To test the utility of METLIN-NL we examined two different types of molecular structures, oxylipins and a pharmaceutical (statin) drug and its demethylated metabolite. Oxylipins14 represent a class of highly active lipid metabolites ubiquitous in humans and plants, and specifically, the phytoprostanes (PhytoPs) class of oxylipins resemble prostaglandin-like compounds that are found in seeds and vegetable oils derived from oxidative cyclization of α-linolenic acid. Since PhytoPs are a class of highly structurally related oxylipins and are suspected to have additional unidentified analogs,14–16 we chose them to demonstrate the utility of METLIN-NL. Tandem MS and NL data were recently generated on a set of PhytoPs, including the structural analogs 16-B1-PhytoP and 16-keto 16-B1-PhytoP (Figure 2). When trying to extrapolate/correlate the observed tandem MS spectra of the two PhytoPs, classic similarity searching was of very limited value providing only one overlapping ion, even though some fragments presented an expected two Dalton difference (Figure 2A). This exemplifies that two structurally very similar molecules can yield highly different MS2 spectra limiting similarity searching possibilities and thereby severely impacting the usefulness of this approach for the identification of chemically closely related substances. However NL similarity analysis yielded multiple overlapping NLs (Figure 2B). Further analysis of the tandem MS data as well as the molecular weight difference between the two molecules being 2 Daltons, were consistent with 16-keto 16-B1-PhytoP. This NL data (unlike the MS2 data) helped to easily correlate the two molecules, and the distinguishing NL and fragment ions exclusive to 16-keto 16-B1-PhytoP and 16-B1-Phyto provided significant structural information.

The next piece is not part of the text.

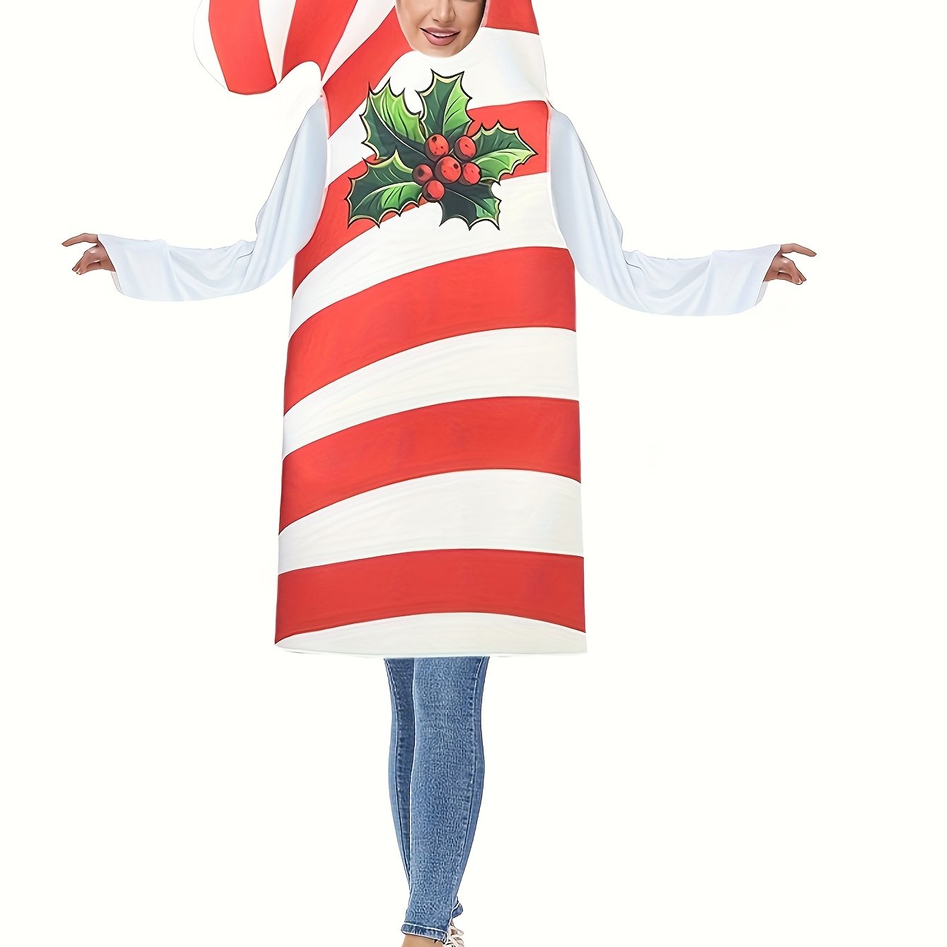TEMU 여성용 사탕 막대 크리스마스 코스튬 (빨강 & & 홀리 잎 디자인) - 키홀 넥라인, 긴소매 풀 바디 의상 (후드 헤드피스 포함), 기계 세탁 가능 ( 파티, 코스프레, 테마 이벤트용) - 축제 분위기 크리스마스 파티 의상

Another example with dimethyl sphingosine and sphingosine C20 (Figure 3A & 3B) further shows the synergy that MS2 and NL data can have between structural analogues. Dimethyl sphingosine and sphingosine C20 (A) MS2 and (B) NL data, each have the same elemental composition yet distinct structures. In this case both the MS2 data and the NL data show multiple overlapping peaks thus representing an example where both types of complementary data provide confirmation of the structural similarity yet each has unique distinguishing information.
The purpose of having a large database is to help reduce the need for speculation, and allow for the rapid identification of molecules. However, since many molecular structures are not represented in any database, similarity analyses offer an alternative in the preliminary characterization process. This process extends beyond naturally occurring molecules and can be applied just as readily to xenobiotics and other chemical entities. The third example in applying METLIN-NL is shown here for a non endogenous drug molecule and its metabolite.
The well known cholesterol-lowering statin drug rosuvastatin17 (trade name Crestor) and its active metabolite desmethyl rosuvastatin18 differ in mass by 14 Daltons (demethylation reaction) and the MS2 and NL data (Figure 4A & 4B) of these two molecules have recently been acquired and populated within METLIN and METLIN-NL. As was observed with the oxylipins, tandem MS data was of limited utility when searching METLIN (Figure 4A), where 3 fragment ions were overlapping between the two molecules. However NL matching/detection showed near complete overlap (Figure 4B). Further analysis of the tandem MS data as well as the molecular weight difference between the two molecules being 14 Daltons, were consistent with loss of a methyl group. For the rosuvastatin NL data, the overlap in the NL data clearly dominated the comparative analyses, making similarity searching much more effective using NL while the MS2 data provided complementary information that was informative for structural determination. Overall, the NL data which was completely derived from the MS2 data, is more effective (than MS2) at showing similarity.
METLIN’s molecular standards with systematically acquired experimental MS2 data across multiple collision energies, allows for the comprehensive generation and graphical user interface (beta) visualization (Figure 4) of NL data. Fragment ion and NL similarity analysis1 was originally developed to aid in the identification of novel molecules (unknowns)1 by using fragment ion and NL data to help align an unknown molecule to compounds with similar fragmentation data within a database. However now, with a NL database of small molecules available via METLIN-NL, NL similarity analysis can be more readily applied to a host of biological and chemical challenges.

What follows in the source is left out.